Quotes & Sayings


We, and creation itself, actualize the possibilities of the God who sustains the world, towards becoming in the world in a fuller, more deeper way. - R.E. Slater

There is urgency in coming to see the world as a web of interrelated processes of which we are integral parts, so that all of our choices and actions have [consequential effects upon] the world around us. - Process Metaphysician Alfred North Whitehead

Kurt Gödel's Incompleteness Theorem says (i) all closed systems are unprovable within themselves and, that (ii) all open systems are rightly understood as incomplete. - R.E. Slater

The most true thing about you is what God has said to you in Christ, "You are My Beloved." - Tripp Fuller

The God among us is the God who refuses to be God without us, so great is God's Love. - Tripp Fuller

According to some Christian outlooks we were made for another world. Perhaps, rather, we were made for this world to recreate, reclaim, redeem, and renew unto God's future aspiration by the power of His Spirit. - R.E. Slater

Our eschatological ethos is to love. To stand with those who are oppressed. To stand against those who are oppressing. It is that simple. Love is our only calling and Christian Hope. - R.E. Slater

Secularization theory has been massively falsified. We don't live in an age of secularity. We live in an age of explosive, pervasive religiosity... an age of religious pluralism. - Peter L. Berger

Exploring the edge of life and faith in a post-everything world. - Todd Littleton

I don't need another reason to believe, your love is all around for me to see. – Anon

Thou art our need; and in giving us more of thyself thou givest us all. - Khalil Gibran, Prayer XXIII

Be careful what you pretend to be.
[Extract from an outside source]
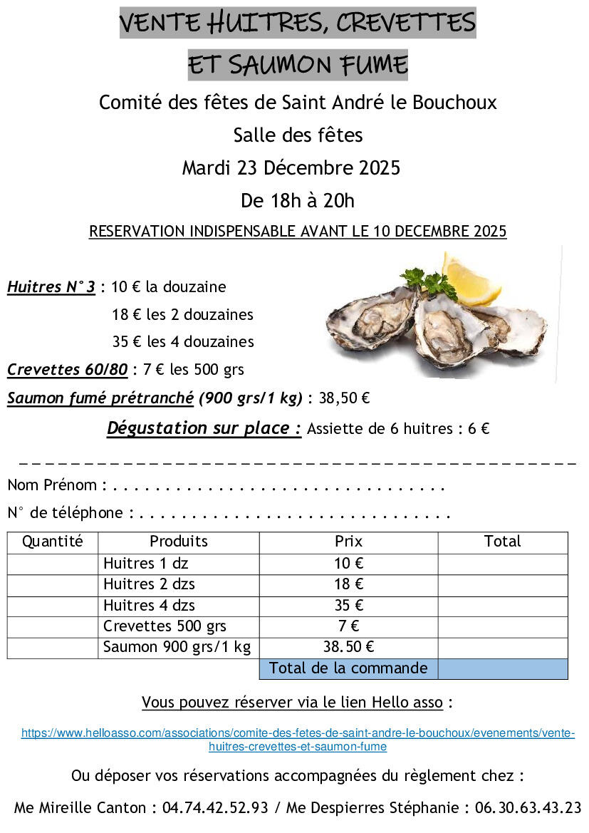 Vente d'huitres, crevettes, saumon par le comité des fêtes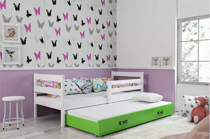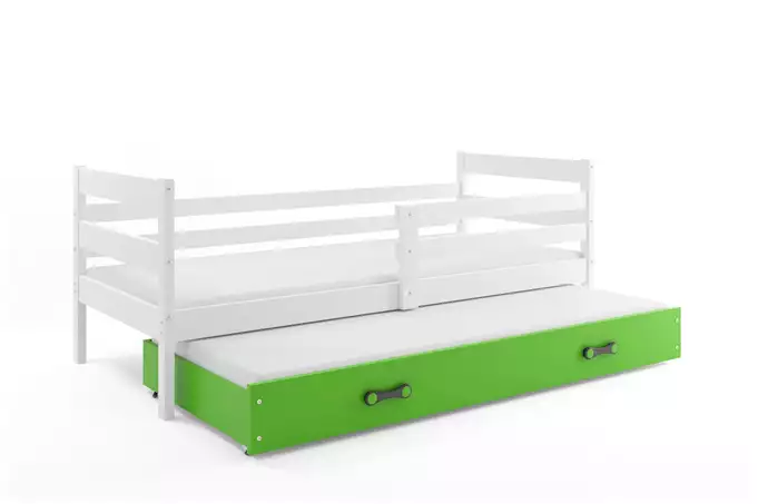 ERYK 90×200 jaunimo išskleidžiama lova su čiužiniu ir stalčiumi, balta/žalia

You become what you pretend to be. - Kurt Vonnegut

Religious beliefs, far from being primary, are often shaped and adjusted by our social goals. - Jim Forest

We become who we are by what we believe and can justify. - R.E. Slater

People, even more than things, need to be restored, renewed, revived, reclaimed, and redeemed; never throw out anyone. – Anon

Certainly, God's love has made fools of us all. - R.E. Slater

An apocalyptic Christian faith doesn't wait for Jesus to come, but for Jesus to become in our midst. - R.E. Slater

Christian belief in God begins with the cross and resurrection of Jesus, not with rational apologetics. - Eberhard Jüngel, Jürgen Moltmann

Our knowledge of God is through the 'I-Thou' encounter, not in finding God at the end of a syllogism or argument. There is a grave danger in any Christian treatment of God as an object. The God of Jesus Christ and Scripture is irreducibly subject and never made as an object, a force, a power, or a principle that can be manipulated. - Emil Brunner

“Ehyeh Asher Ehyeh” means "I will be that who I have yet to become." - God (Ex 3.14) or, conversely, “I AM who I AM Becoming.”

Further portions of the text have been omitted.